The War in Ukraine has more than one Culprit
From my Writing Room
Copyright © 2022 by Uwe Bahr
The invasion of Ukraine is not going the way Russia envisioned – but the thought of abandoning his plans is unbearable for Vladimir Putin. At stake is Ukraine, his security buffer to the West. The enormous American and European aid flowing there has made the military situation very precarious for the Russians, prompting their president now to order a partial mobilization of Russian forces. There is even talk of using tactical nuclear weapons. An escalation of the conflict to this extent would be a catastrophe for all of Europe.
Why did it have to come to this? Can the responsibility for this dire situation really be attributed solely to Russia? After all, it was they who started this war. A war, however, that has a long pre-history between Russians and Ukrainians, but also Europe.

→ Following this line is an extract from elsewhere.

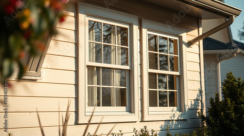 Double-Hung Windows in Beige Clapboard House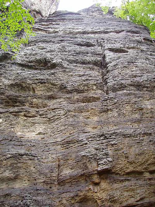 Lezení v Sasku je poctivá pískařina, kruhy se výrazně šetří, co si nezaložíš nemáš a padat se moc nedoporučuje! Výška stěn k 80ti metrům, první kruhy, pokud jsou, tak se nám často vysmívají v nějakých třiceti metrech! A Sasko je hlavně morál, morál a morál!

At a time when everyone is talking about globalization, it is worth taking a look at recent history. During the Cold War, there were many situations that could have easily led to nuclear catastrophe. The two great powers, the USA and the communist Soviet Union, friends and allies against Hitler in the second half of the Second World War, fought proxy wars against each other virtually all over the world or even intervened directly, as the Americans did in Vietnam.
That was far away. But in the field of tension Europe, the Americans have never dared to act against the Soviets as they are now doing in Ukraine, right on Russia’s doorstep. When the Soviets tried to starve out West Berlin in 1948/49 by blocking the access routes in order to force the three Western powers to abandon the city, the Americans and the British flew non-stop missions via an air lift to Tempelhof to supply the population with all the necessities of life. Military action was out of the question for all sides, although the Soviets threatened it several times.

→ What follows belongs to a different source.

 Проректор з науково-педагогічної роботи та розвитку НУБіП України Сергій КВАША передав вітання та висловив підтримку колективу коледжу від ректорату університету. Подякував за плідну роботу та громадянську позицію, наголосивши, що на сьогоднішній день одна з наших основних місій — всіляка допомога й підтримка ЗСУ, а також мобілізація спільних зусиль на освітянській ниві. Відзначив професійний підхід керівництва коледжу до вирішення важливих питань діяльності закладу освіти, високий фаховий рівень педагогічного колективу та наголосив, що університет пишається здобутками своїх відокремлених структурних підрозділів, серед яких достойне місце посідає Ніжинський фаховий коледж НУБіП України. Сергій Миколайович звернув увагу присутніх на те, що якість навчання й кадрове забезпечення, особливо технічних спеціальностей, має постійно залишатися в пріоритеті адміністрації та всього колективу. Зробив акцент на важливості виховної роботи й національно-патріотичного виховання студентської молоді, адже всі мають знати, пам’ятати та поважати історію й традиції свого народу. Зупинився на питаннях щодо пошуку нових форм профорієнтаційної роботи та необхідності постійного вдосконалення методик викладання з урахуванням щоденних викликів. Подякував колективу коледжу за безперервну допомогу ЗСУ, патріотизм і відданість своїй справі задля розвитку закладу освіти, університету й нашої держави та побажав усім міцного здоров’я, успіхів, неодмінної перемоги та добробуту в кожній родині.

Four years later, when the workers’ uprising in the GDR took place and Soviet tanks rolled through East Berlin to crush it, the Americans watched in protest from a few hundred meters away but did not dare to intervene militarily. On August 13, 1961, when the East German communists sealed off West Berlin with barbed wire and construction of the Wall began, President John F. Kennedy was in Hyannis Port for a sail and did not want to be disturbed1. The West had known in advance what was going on with the approval of the Soviets – and did not intervene, even though there was a Berlin crisis team in the Washington State Department, set up long before.
Nor did the Americans lift a finger during the 1956 uprising in Hungary, which was put down particularly bloodily by invading Soviet troops; nor during the Prague Spring in 1968, nor in Poland in 1970 and 1981, when, by the way, Republican presidents were sitting in the White House.
These invaded states were all involuntary satellites of the Soviets and wanted to go their own independent ways, just like the Ukraine today. They were not involved in “real wars” with the Soviet Union, but at least the Soviets intervened militarily, and no one helped these countries at the time.
In a certain way, the West had accepted the sphere of influence of the Soviet Union, although there, too, the suffering of the population including politically motivated killings, imprisonments and deportations of hundreds of thousands of people were the order of the day. However, even because of all this, economic relations were never seriously questioned between the two power blocks, on the contrary. And in all these moments of world political dangers and wars, when everything was at stake, Russian natural gas and oil continued to flow not only to the Federal Republic of Germany and the former GDR, but to almost all of Western Europe during the Cold War and afterwards. Even the Soviet invasion of Afghanistan in 1979 did not play a destructive role in this pattern of ongoing cooperation, apart from a boycott of the Olympic Games.
So, the question is: Why did the West interfere so massively in Ukraine’s affairs right after the Soviet Union fell apart in late 1991, when individual republics like Ukraine broke away from it and the Russian Federation under President Boris Yeltsin tried to see the West as a partner? What were the Bidens, Trumps and Giulianis and their stooges doing in Ukraine, where almost the entire upper stratum of society including governments were corrupt to the core? None of this looked like well-meaning intentions on the part of the West – more like a dangerous, creeping imperial expansion of its own sphere of power, as the Americans saw themselves as the general triumphant force after the end of the Cold War and the collapse of the Soviet Union.
Nevertheless, there is no justification for the war in Ukraine. However, if all accepted red lines from the Cold War era had not been crossed today, this war might not have happened.
1 A note on my own behalf: In view of the historical facts and as someone who was born in 1961 at the eastern interface of the Cold War, the question does not even arise to me to whom I owe my personal freedom. The courageous mass demonstrations in the GDR, which led to the opening of the Berlin Wall in 1989, could have been put down by the Soviets just as they had been in 1953. Here, too, the Americans could only have watched, or rather had to watch, in order not to endanger world peace. I owe my freedom to Mikhail Gorbachev, the last Soviet party and state leader and his policy of glasnost and perestroika (openness and restructuring). – I emphasize this explicitly because I have heard many voices in America according to which the USA and Ronald Reagan brought down the Berlin Wall, although the latter was not even in office anymore at the time. It would be more correct to say that the Americans kept the path to this development open – but they could not bring it about themselves.